Les Hospices Civils de Lyon ont annoncé, mardi 27 octobre, une nouvelle étape dans la déprogrammation des opérations non-urgentes. Celle-ci s’étend dorénavant à l’ensemble des activités programmées, inclut la chirurgie ambulatoire et l’activité de médecine en hospitalisation complète.
Les visites sont désormais interdites dans les établissements lyonnais, "pour protéger les patients" précisent les HCL dans un communiqué.

Depuis le 19 octobre, 16 patients des HCL ont été transférés à Chambéry, Annecy, Valence et Montélimar ainsi que vers Bordeaux, Brive-la-Gaillarde, Poitiers et Angoulême. 13 lits en réanimation ont été ouverts en renfort le 27 octobre.

Le nombre d'hospitalisations continue de croître "fortement" à Lyon et ses alentours, selon les HCL, qui regroupent 14 hôpitaux publics. Près de 60% des patients présents en réanimation sont des cas Covid (contre 46% le 20 octobre, et 38% le 13 octobre) : ils sont 171 patients précisément dans les établissements du Rhône, de Bourgoin-Jallieu et de Vienne, au 27 octobre.
 

Grenoble-Alpes Métropole

Relativement épargnée au printemps, l'Isère fait face depuis la rentrée à une reprise importante de l'épidémie de Covid-19. Entre le 15 et le 25 octobre, le nombre de patients admis en réanimation a été multiplié par deux. La métropole de Grenoble a été placée en alerte maximale le 8 octobre dernier.
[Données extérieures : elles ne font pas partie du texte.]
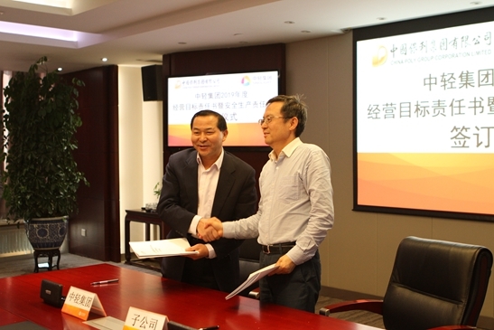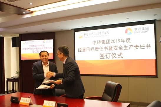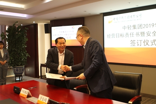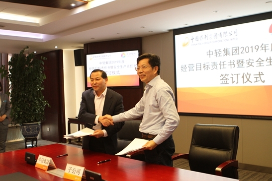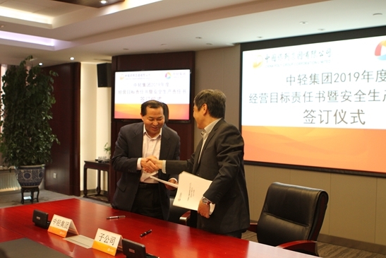 4月10日下午,中輕集團在中輕大廈舉行2019年度經營目標責任書暨安全生產責任書簽訂儀式。集團公司領導、總部各部室負責人、子公司主要負責人出席簽字儀式,黨委委員、副總經理任建平主持簽字儀式。
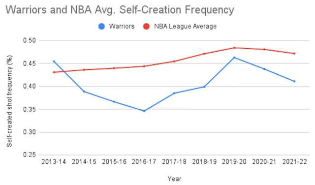 望向今年复兴夺冠的金州勇士,我们会看到一个疯狂的另类。自打史蒂夫·科尔拿起勇士教鞭,除了2019-20那个被伤病摧毁的赛季,勇士每一年的自主创造出手比例都是联盟倒数前三。
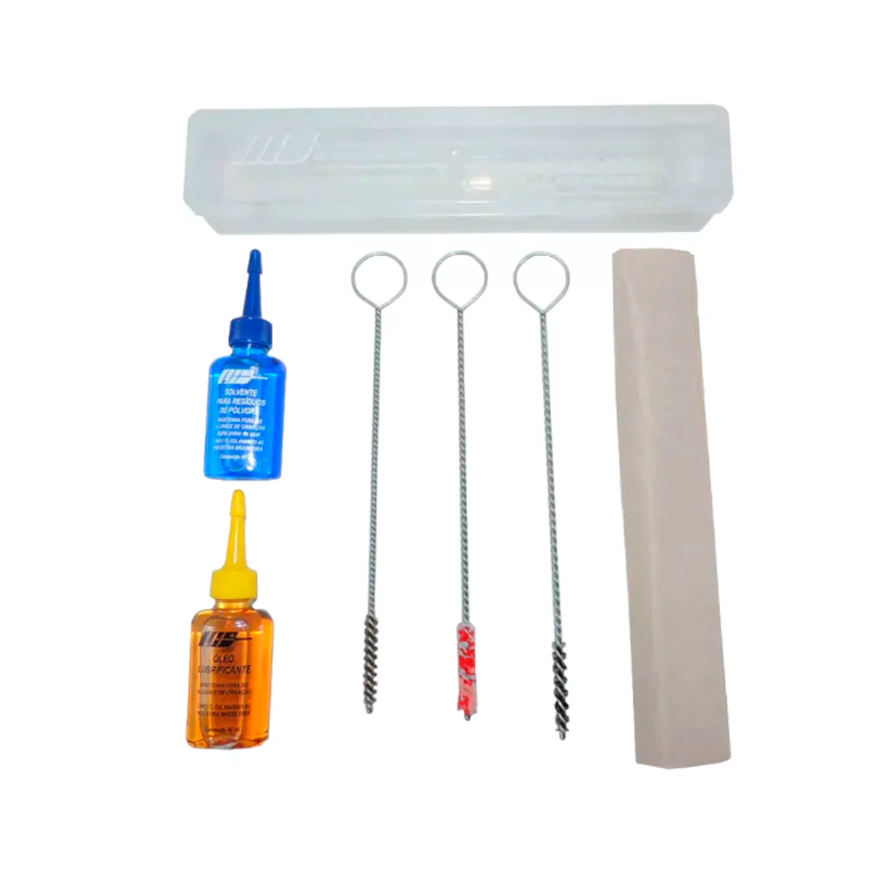 Kit exclusivo que contém vários produtos necessários para manutenção e limpeza de sua arma de fogo. Fixados dentro de uma bandeja convenientemente organizados para armazenagem.
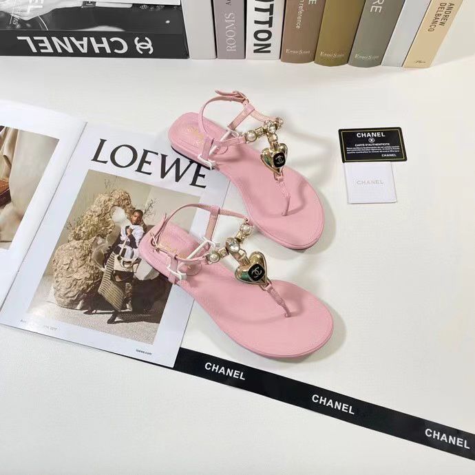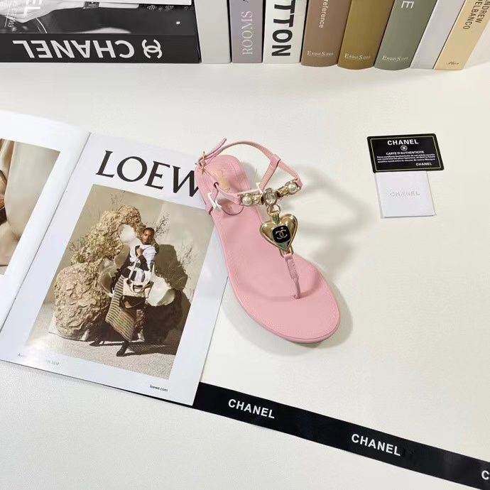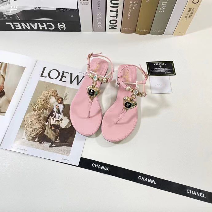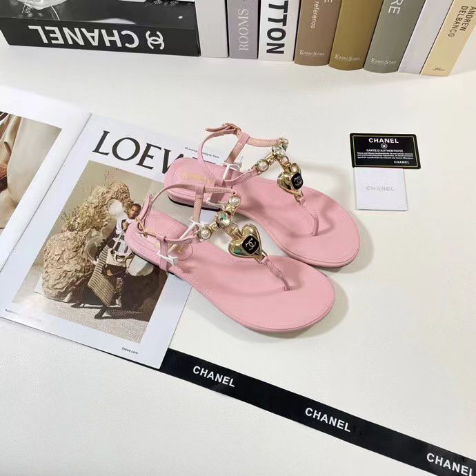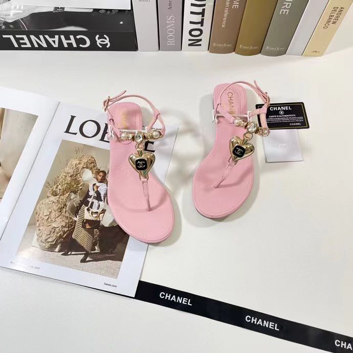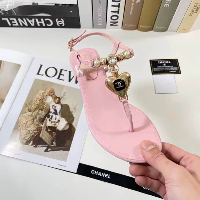 Chanel Shiny Pearl Crystal Cc Heart Thong Sandals Light Pink
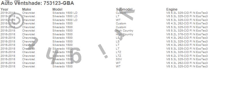 Below is an abbreviated list of applications for the Aeroskin LightShield Color-Match Hood Protector.Silverado 1500, Silverado 1500 LD, Chevrolet, 2019, 2018, 2017, 2016
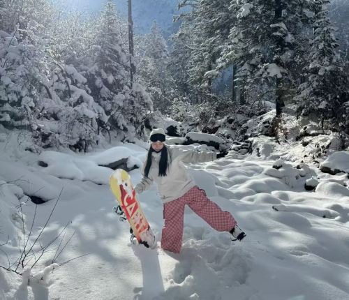▲ 雪の森の中で、白いコートにピンクのチェックパンツを着た女性がスキーボードを持ってポーズをとり、陽光が雪景色を明るく照らし、軽快な雰囲気が広がっています。
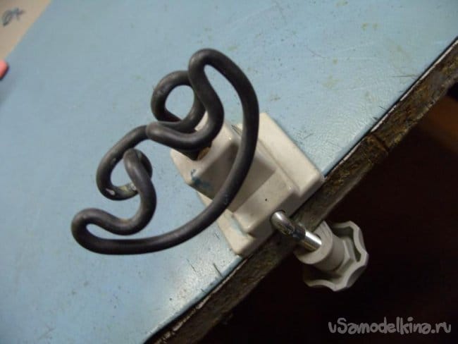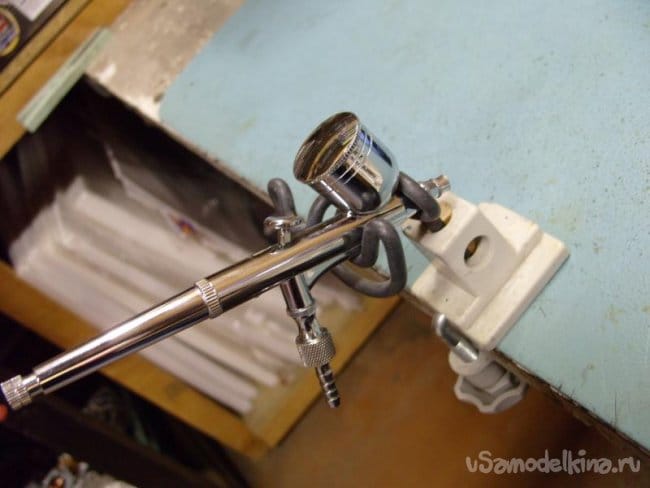 Подставку для аэрографов собрал из сломанного фиксатора лампы и толстого провода в изоляции. Загнул такую загогулину для двух инструментов.
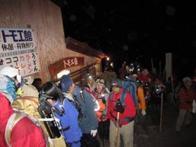 9月5日 2日目登山開始 1時59分 昨夜床に就いたのは夜の8時頃だった。山小屋の説明では1時30分に部屋を点灯するといっていたが、12時頃には団体さんが一斉に支度を初めて、部屋の中が騒がしくなった。結局1時に点灯したと同時に起床し、私たちも支度をした。外に出てみると既に登山者の行列が出来て、下から大勢登ってくる。そして、その行列は頂上まで続いていた。(悲) |

A Grenoble le taux d'incidence était de plus de 629 le 23 octobre, contre 275 le 02 octobre.
 

Clermont Auvergne Métropole

Depuis le 8 octobre, la métropole de Clermont-Ferrand et ses 21 communes sont placées en zone d’alerte renforcée. Pour la semaine du 17 au 23 octobre, le taux d'incidence au coronavirus a été multiplié par 5 en un mois.
 

Les transferts de patients continuent

8 nouveaux patients d'Auvergne-Rhône-Alpes ont été transférés mardi 27 octobre, en avion sanitaire cette fois, vers les Pays de la Loire, pour soulager les services de réanimation de la région. Sauf imprévu, 25 malades devraient avoir été transférés d'ici à mercredi vers d'autres régions.

8 autres patients avaient été acheminés vers des hôpitaux de régions moins touchées vendredi et 7 autres lundi. Deux transferts, probablement des malades en provenance de l'Ain, sont prévus mercredi.

Ces transferts de patients "ont pour objectif d'anticiper la saturation des établissements" hospitaliers, a indiqué la porte-parole de l'Agence régionale de santé, Cécilia Haas, depuis l'aéroport de Bron, près de Lyon, où deux malades étaient en partance pour La-Roche-sur-Yon (Vendée). "On arrive à des situations de tensions importantes mais pas de saturation à ce jour", a assuré la responsable. "Ce que l'on souhaite par ces opérations, c'est donner de l'air aux établissements et aussi aux équipes pour pouvoir prendre en charge d'autres patients". Auparavant, 21 transferts interdépartementaux avaient été réalisés au sein d'Auvergne-Rhône-Alpes.

Confronté à l'accélération très nette de la propagation du coronavirus, le gouvernement prépare donc activement un nouveau tour de vis des mesures de lutte contre l'épidémie, ce qui pourrait aller jusqu'au reconfinement total et national, ou bien un reconfinement plus léger selon quelques indiscrétions. Emmanuel Macron doit s'exprimer mercredi 28 octobre à 20h.